When the National History Day project was first presented to me, my teacher said that we
could make our topic about anything under the sun and more. I have always been very interested
in history from a woman’s perspective because they are often overlooked, which provides a
sense of ambiguity to history that is waiting to be uncovered. However, there are a few events
throughout history where women aren’t ignored, which intrigues me. Specifically, women’s
suffrage and the 19​th​ amendment. I didn’t want to recount the anecdote of how women gained the
right to vote, but I knew I wanted to do something related to it.
The first I did was find out what the 19​th​ amendment actually entitled people to, which is
when I confirmed that the political playing field was equal in that every U.S. citizen was granted
the right to vote, regardless of sex. This led me to wonder if there was any empirical data to
show the effect of the 19​th​ amendment, so I viewed the results from the presidential election of
1920. Since the population of eligible voters had doubled since the previous presidential election,
there should’ve been a spike in voter turnout with half of the voters being women. Interestingly,
that wasn’t the case. My project idea was to find out why men and women weren’t evenly
represented in voting results and how women overcame the barriers that prevented them from
doing so.
While I was reading the Wikipedia page on the 19​th​ amendment, I found a very
interesting book in the references by J. Kevin Corder, titled “Counting Women’s Ballots.” This
book presented me with a multitude of barriers: race, literacy tests, and poll taxes. Poll taxes
interested me because it was something I had never heard of before. I quickly discovered that
poll taxes hindered African Americans in addition to restricting women’s right to vote. From
there, I wanted to find out how poll taxes were abolished because I had never heard of them,
which means that they had to have been abolished at some point. I discovered, in Encyclopedia
Virginia, that the 24​th​ amendment (ratified in 1964) and the supreme court case Harper v.
Virginia Board of Elections (1966). From this point, I searched for the origins of poll taxes.

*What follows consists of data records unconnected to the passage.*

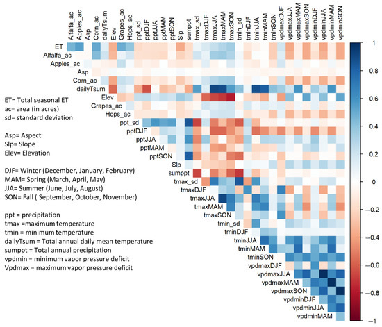 For this study, the annual growing season ET computed using METRIC was used as the response variable and watershed and climate properties were used as the predictor variables. A total of 33 predictor variables were selected based on process and basin characteristics that we assumed could affect ET (Table 2). These were derived using temperature, precipitation, crops and elevation data of the watershed. Table 2 provides detailed information about the input and response variable for the Random Forest model, while Table 3 provides the summary statistics of these variables for both training and testing dataset. Correlations between these predictor variables and their correlation with seasonal ET are shown in Figure 2. While summer maximum temperatures, summer maximum vapor pressure deficits, and crop acreage have higher positive correlation, spring minimum vapor pressure deficits and elevation show a slightly higher negative correlation with ET. These variables are expected to perform better in the random forest model. The correlation plot provides the idea about which predictor value could be deterministic in predicting the ET. However, as RF methods model non-linear relationships which may not be apparent from a linear correlation, we used all the predictor parameters for initial model development and implemented a variable selection routine to select the final variable set.
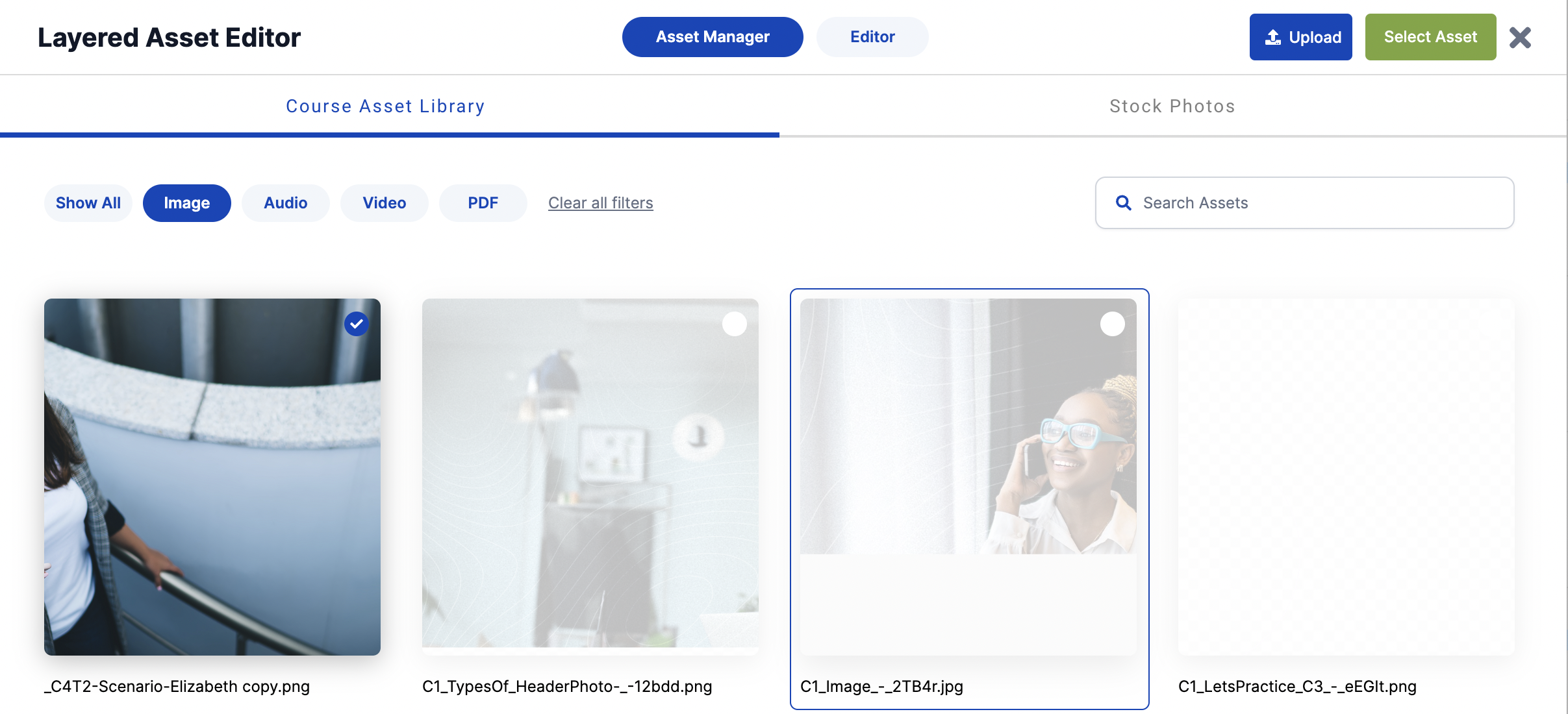 3. After uploading your image from your device it will appear in the Course Asset Library tab. Select your image, then click the "Select Asset" button.
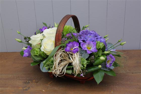 A garden trug basket filled with seasonal blooms. The perfect gift for any occasion.
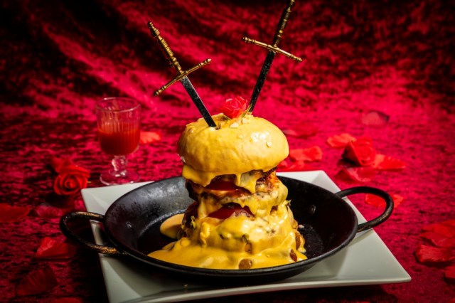 「罪深きブラッディーインフェルノバーガー ~ヴァンパイアカフェ特製 3種のチーズバーガー~」は、肉々しいパテと分厚い輪切りトマトを幾重にも重ね、バンズとともに容赦なくサーベルで貫いた悪魔的バーガー。

Luckily, I found a thesis by Conley Lee Edwards, titled “A Political History of the Poll
Tax in Virginia, 1900-1950” that contextualizes the origins of poll taxes and how they were
fought. Most of my research stemmed from this thesis. From the thesis, I used Chronicling
America, Gale Virtual Reference Library, JSTOR,​ a​ nd other sources to conduct more in-depth
research.
To summarize, poll taxes were initially established in the late 19​th​ century to combat the
African American vote, but they also unintentionally stymied women’s ability to vote. Poll taxes
were used primarily in the south because that was where the highest concentration of African
Americans resided. The turn out of women voters didn’t equal that of men for several decades.